> ACTION ITEM
Below are lines of data; restate word for word those running from the line containing "Pilate marveled if" to the line containing "отелях и ресторанах.", inclusive, and no others.
(PROVIDED RECORDS Opens)
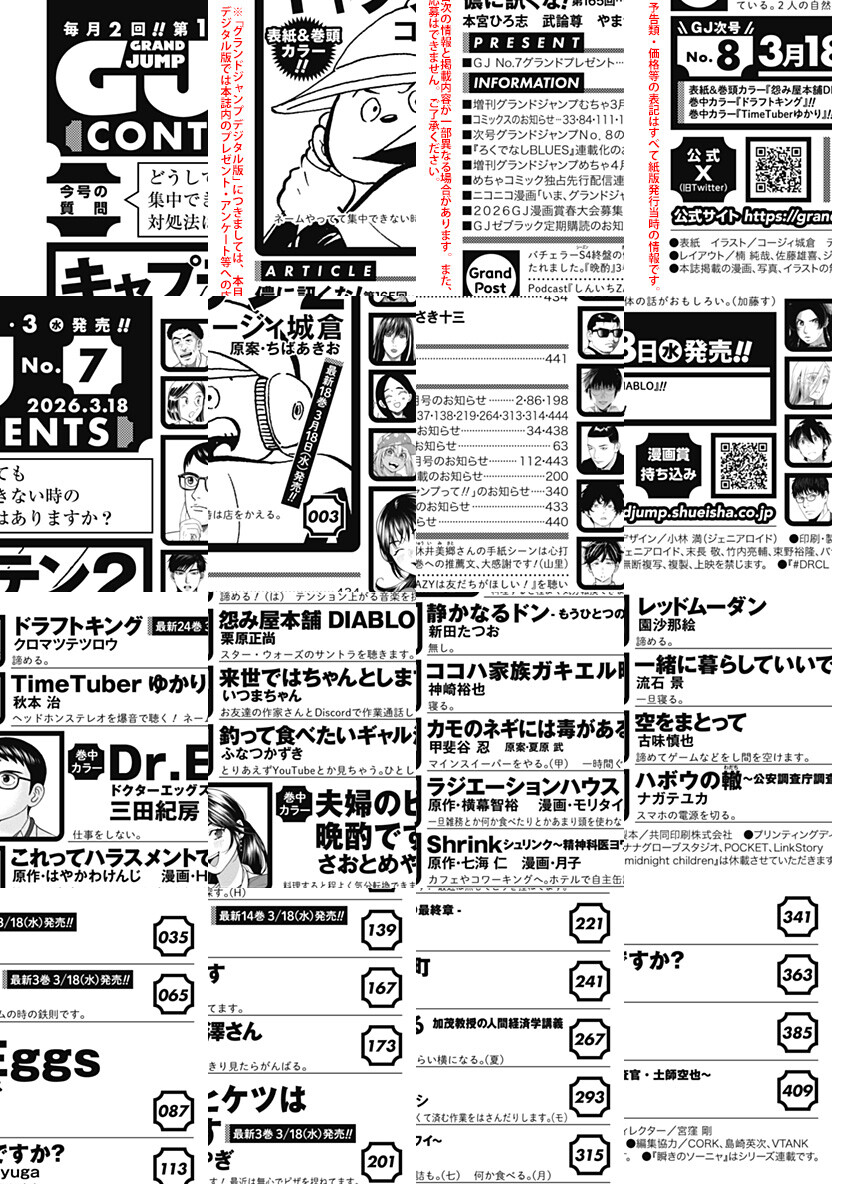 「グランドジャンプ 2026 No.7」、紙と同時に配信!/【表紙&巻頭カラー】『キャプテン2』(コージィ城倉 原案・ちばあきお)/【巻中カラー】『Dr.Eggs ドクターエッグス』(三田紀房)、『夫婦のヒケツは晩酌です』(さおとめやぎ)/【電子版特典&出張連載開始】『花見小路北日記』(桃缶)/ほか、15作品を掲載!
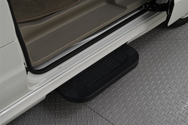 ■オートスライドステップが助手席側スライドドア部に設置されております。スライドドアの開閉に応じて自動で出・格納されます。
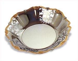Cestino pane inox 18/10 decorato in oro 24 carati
(PROVIDED RECORDS Closes)
(PROVIDED RECORDS Opens)
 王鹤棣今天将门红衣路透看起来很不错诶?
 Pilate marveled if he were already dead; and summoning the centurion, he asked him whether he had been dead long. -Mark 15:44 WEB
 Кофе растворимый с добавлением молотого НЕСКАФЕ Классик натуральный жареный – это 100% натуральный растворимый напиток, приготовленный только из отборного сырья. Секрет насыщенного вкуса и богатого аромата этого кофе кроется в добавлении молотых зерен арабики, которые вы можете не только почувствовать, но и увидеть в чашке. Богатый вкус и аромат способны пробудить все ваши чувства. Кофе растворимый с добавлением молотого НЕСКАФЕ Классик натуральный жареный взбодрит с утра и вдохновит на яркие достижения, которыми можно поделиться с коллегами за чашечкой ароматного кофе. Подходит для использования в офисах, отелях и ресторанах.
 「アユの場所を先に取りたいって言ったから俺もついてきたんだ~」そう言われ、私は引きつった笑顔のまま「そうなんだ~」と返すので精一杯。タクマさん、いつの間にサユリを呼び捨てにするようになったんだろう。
(PROVIDED RECORDS Closes)
> RESPONSE TO THE EXERCISE
 Pilate marveled if he were already dead; and summoning the centurion, he asked him whether he had been dead long. -Mark 15:44 WEB
 Кофе растворимый с добавлением молотого НЕСКАФЕ Классик натуральный жареный – это 100% натуральный растворимый напиток, приготовленный только из отборного сырья. Секрет насыщенного вкуса и богатого аромата этого кофе кроется в добавлении молотых зерен арабики, которые вы можете не только почувствовать, но и увидеть в чашке. Богатый вкус и аромат способны пробудить все ваши чувства. Кофе растворимый с добавлением молотого НЕСКАФЕ Классик натуральный жареный взбодрит с утра и вдохновит на яркие достижения, которыми можно поделиться с коллегами за чашечкой ароматного кофе. Подходит для использования в офисах, отелях и ресторанах.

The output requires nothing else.